Wazuh
As a follow-up to our previous OSSEC post, and to complete the one on Fail2ban & ELK, we’ll review today Wazuh.
As their documentation states it, “Wazuh is a security detection, visibility, and compliance open source project. It was born as a fork of OSSEC HIDS, later was integrated with Elastic Stack and OpenSCAP evolving into a more comprehensive solution“. We could remark that OSSEC packages used to be distributed on some Wazuh repository, while Wazuh is still listed as OSSEC official training, deployment and assistance services provider. You might still want to clean up some defaults, as you would soon end up receiving notifications for any connection being established or closed …

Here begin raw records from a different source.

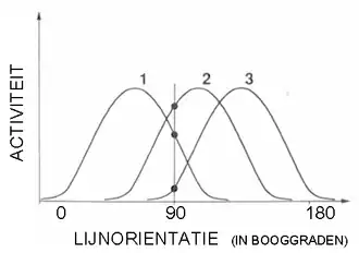 Voorbeeld van grove codering. Horizontaal: lijnoriëntatie, verticaal: activiteit (vuurfrequentie) van drie denkbeeldige zenuwcellen. Elke cel vuurt bij meerdere oriëntaties van een lijnstuk. Er zijn drie zenuwcellen nodig om een verticale lijn te kunnen waarnemen. Cel 2 vertoont grootste activiteit, cel 1 een kleinere en cel 3 de kleinste activiteit
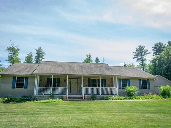 Incredible! An absolute must see! This beautiful home sits 17.47 acres of seclusion and is bordered by State Game Lands!! Property boasts 3 bedrooms, 2 bathrooms, geothermal heat pump, central AC, family room, sunporch, patio, covered front porch, full basement, attached 1 car garage with storage, oversized 2 car detached garage, storage shed, dog kennel, and a private drive. Will not last long!
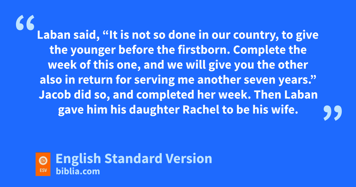 21 Then Jacob said to Laban, “Give me my wife that I may go in to her, for my time is completed.” 22 So Laban gathered together all the people of the place and rmade a feast. 23 But in the evening he took his daughter Leah and brought her to Jacob, and he went in to her. 24 (Laban gave2 shis female servant Zilpah to his daughter Leah to be her servant.) 25 And in the morning, behold, it was Leah! And Jacob said to Laban, “What is this you have done to me? Did I not serve with you for Rachel? Why then have you deceived me?” 26 Laban said, “It is not so done in our country, to give the younger before the firstborn. 27 tComplete the week of this one, and we will give you the other also in return for serving me another seven years.” 28 Jacob did so, and completed her week. Then Laban gave him his daughter Rachel to be his wife. 29 (Laban gave uhis female servant Bilhah to his daughter Rachel to be her servant.) 30 So Jacob went in to Rachel also, and he loved Rachel more than Leah, and served Laban vfor another seven years.
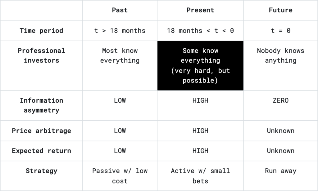 Conclusion: an investor needs to find new “words” [assets] before they get into the “dictionary” [low information asymmetry].
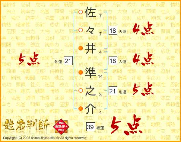 佐(7画)々(7画)井(4画) 準(14画)之(3画)介(4画)
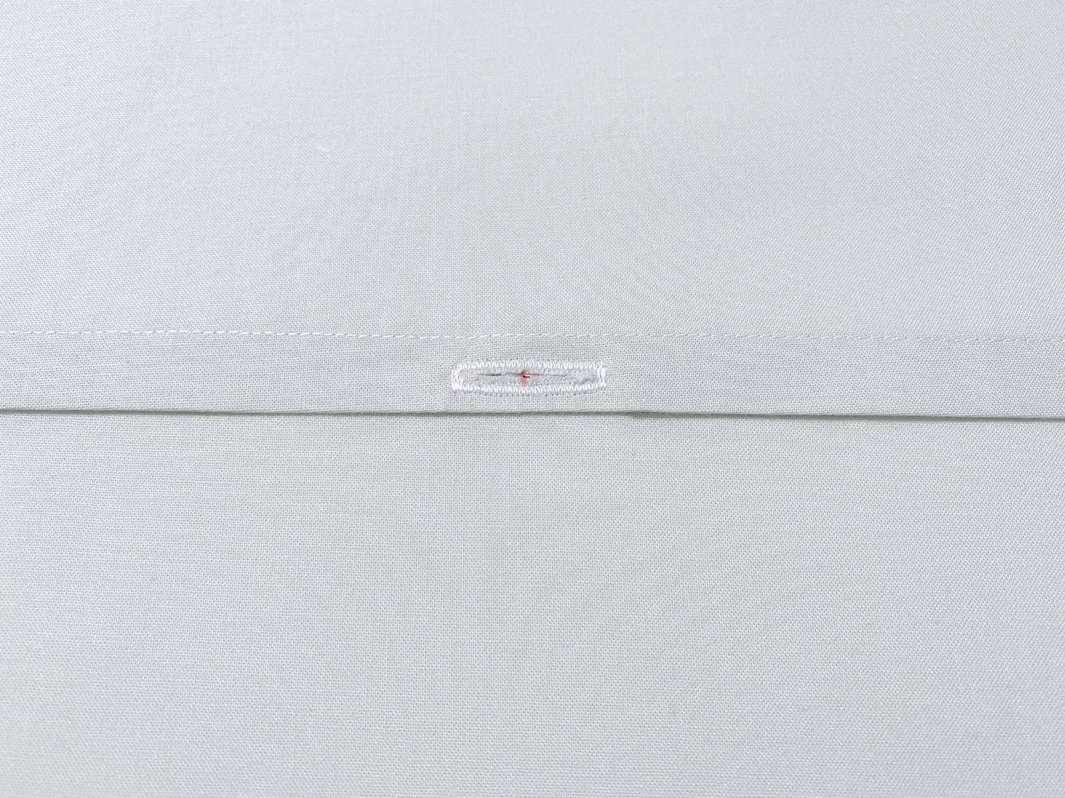 Wenn du die Größe des Knopflochs ausgemessen hast, kannst du dir auf der eingeschlagenen Kante der oberen Rückseitenhälfte entsprechende Markierungen machen. Zum Beispiel: Ich habe mir die Mitte der Rückseite markiert (von rechts nach links – einfach zusammenklappen und einen Knick machen) und dann die Mitte der eingeschlagenen Kante (von oben nach unten – 1,5 cm / 2 = 0,75 cm). Mein Knopfloch ist 4 cm breit, also habe ich jeweils rechts und links von meiner markierten Mitte aus 2 cm abgemessen und markiert, dazwischen muß das Knopfloch genäht werden.

OSSEC is still maintained, last commit to their GitHub project was a couple days ago as of writing this post, while other commits are being pushed to Wazuh repository. If both products are still active, my last attempts configuring Kibana integration with OSSEC was a failure, due to Kibana5 not being supported. Considering Wazuh offers enterprise support, we could assume their sample configuration & ruleset are at least as relevant as those you’ld find with OSSEC.
Wazuh documentation is pretty straight-forward, a new service wazuh-api (NodeJS) would be required on your managers, which would then be used by Kibana querying Wazuh status. Debian packages were renamed from ossec-hids & ossec-hids-agent to wazuh-manager & wazuh-agent respectively. Configuration is somewhat similar, although you won’t be able to re-use those you could have installed alongside OSSEC. Note the wazuh-agent package would install an empty key file: you would need to drop it, prior to registering against your manager.
Configuring Kibana integration, note Wazuh documentation misses some important detail, as reported on GitHub. That’s the single surprise I had reading through their documentation, the rest of their instructions work as expected: having installed and started wazuh-api service on your manager, then installed Kibana wazuh plugin on your all your Kibana instances, you would find some Wazuh menu showing on the left. Make sure your wazuh-alerts index is registered in the Management section, then go to Wazuh.
If uninitialized, you would be offered to enter your Wazuh backend URL, a port, a username and corresponding password, connecting to wazuh-api. Note that configuration would be saved into some new .wazuh index. Once configured, you would have some live view of your setup, which agents are connected, what alerts you’re receiving, … eventually, set up new dashboards.
Comparing this to OSSEC PHP web interface, marked as deprecated since years, … Wazuh takes the lead!